CapsuleGAN: Using Capsule Network as Discriminator and using ClassCaps as input of Generator in GAN(Generative Adverserial Network)

Here, I am using Capsule Network as a Discriminator and Class Capsules as input to the Generator to generate new Images, and I am then using a DVM-Car dataset to generate new car images using the designed Model. I'll be using DCGAN for comparison the results using FID score.

Read Final Report

Methodology & Training

I am taking inspiration from Kanako Marusaki and Hiroshi Watanabe and using CapsNet as Discriminator and using the classCaps layer as Input to the Generator along with noise. I’m using a slightly modified version of the DCGAN generator with the number of filters changed and added one flatten layer to flatten classCaps Input. Also, I’m using a more complex network as I’m using three channels compared to only one used by them. And finally, I am using Margin Loss instead of Binary Cross Entropy.

As a dataset, I’m using the DVM Car dataset, a Large- Scale Dataset for Automotive Applications.

For training, I chose a batch size of 128. First, I’m feeding the images to the Discriminator with the class label as true and get the ClassCaps which returns 1x16 (Vector containing Features that represent a car at a particular angle) and calculate discriminator loss using Margin Loss. I then took these vectors and multiplied them with the noise. I’m using the noise of size 100. so I have the final Input of size 100x16 to feed to the Generator. Now in Generator, I’m using one fully connected layer with an output size of 128x8x8(8192), then there is one reshape layer to reshape the feature map to 128x8x8. I’m using BatchNorm and LeakyReLU before feeding it to the TransposedConv2d followed by BatchNorm and ReLU 2 more times, and finally, Tanh activation function to keep the values between (-1,1), and at the end, I have Generated Image of size 3x64x64. Then I feed these generated Images to Discriminator and calculate Margin Loss for Generator. And after all these, there will be BackPropogation using Adam Optimizer with a learning rate of 2e-3.

Results and Discussion

I’m training this network for two epochs for each car view angle. And I’m also training DCGAN on all different car view angle images for three epochs. And at the end, I’m comparing the results for both of them.

We can see FID Scores here,

Car Angle	CapsuleGAN	DCGAN
Front	120.20968	147.08056
Side	127.76216	121.91312
Back	170.33481	151.51725
Front Side	233.90548	322.43786

After Reviewing results, I found that Capsule Network has the potential to overcome CNNs, but it still needs some advanced research. If we don’t compare FID scores and just look at how images look, CapsuleGAN generated images are slightly better than DCGAN-generated images. Also, CapsuleGAN learns the distribution quicker than DCGAN; we can see that by looking at the results step by step.

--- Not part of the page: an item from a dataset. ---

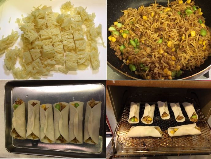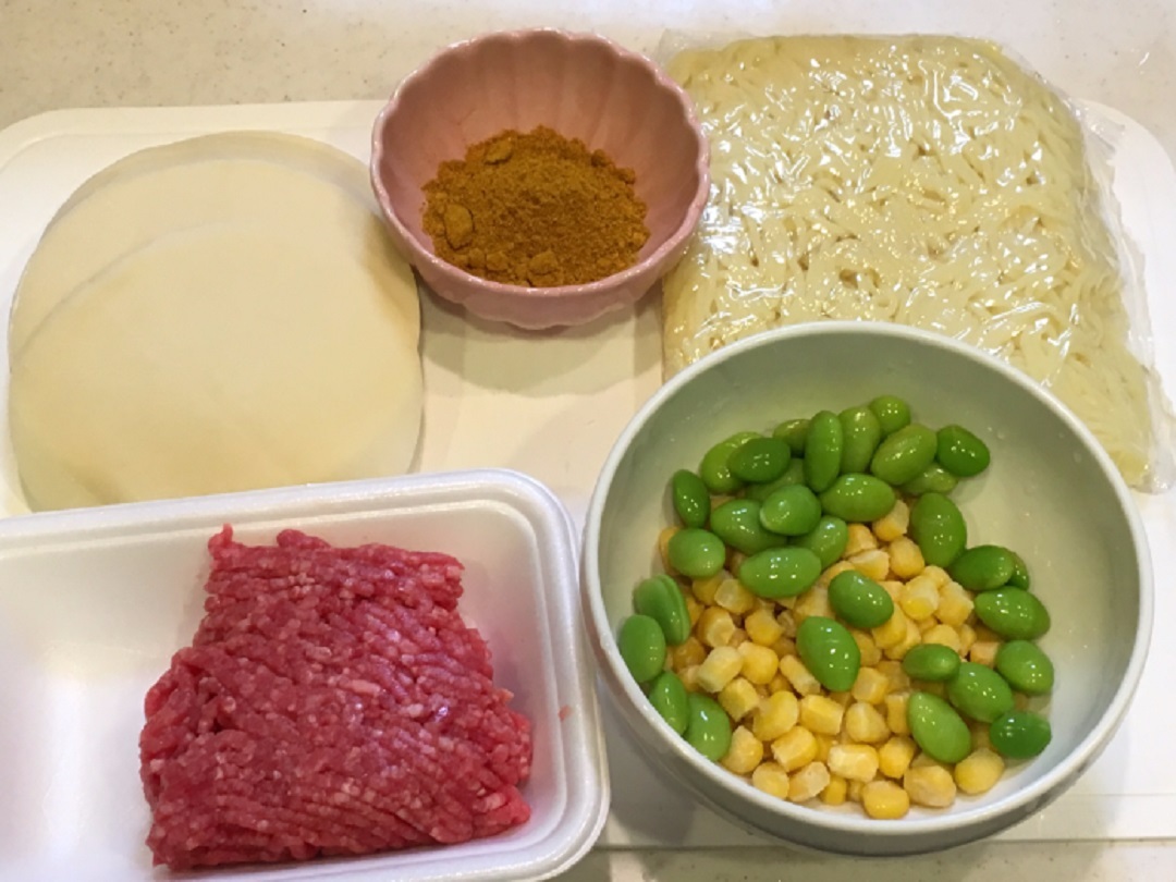 材料:焼きそば麺、ひき肉100g、冷凍コーン、冷凍枝豆、カレー粉(大さじ2)、餃子皮(大判20枚)

You can check the step by step output images here.

Run Locally

Clone the project

  git clone https://github.com/rhrahul/CapsuleGAN

Go to the project directory

  cd CapsuleGAN

Install Required Python Packages

  # Installing Pytorch
  pip install torch torchvision 

  # Installing Other Dependencies
  pip install matplotlib pandas numpy

Next Download Required Dataset files from this link. You'll see two files named,

resized_DVM_v2.zip
dvm_image_table.csv

Extract resized_DVM_v2.zip file after downloading it.

You're all set. Open capsgan_final.ipynb file and run code block by block.

Note: You can also download pretrained weights from this link, and use it to run already trained model.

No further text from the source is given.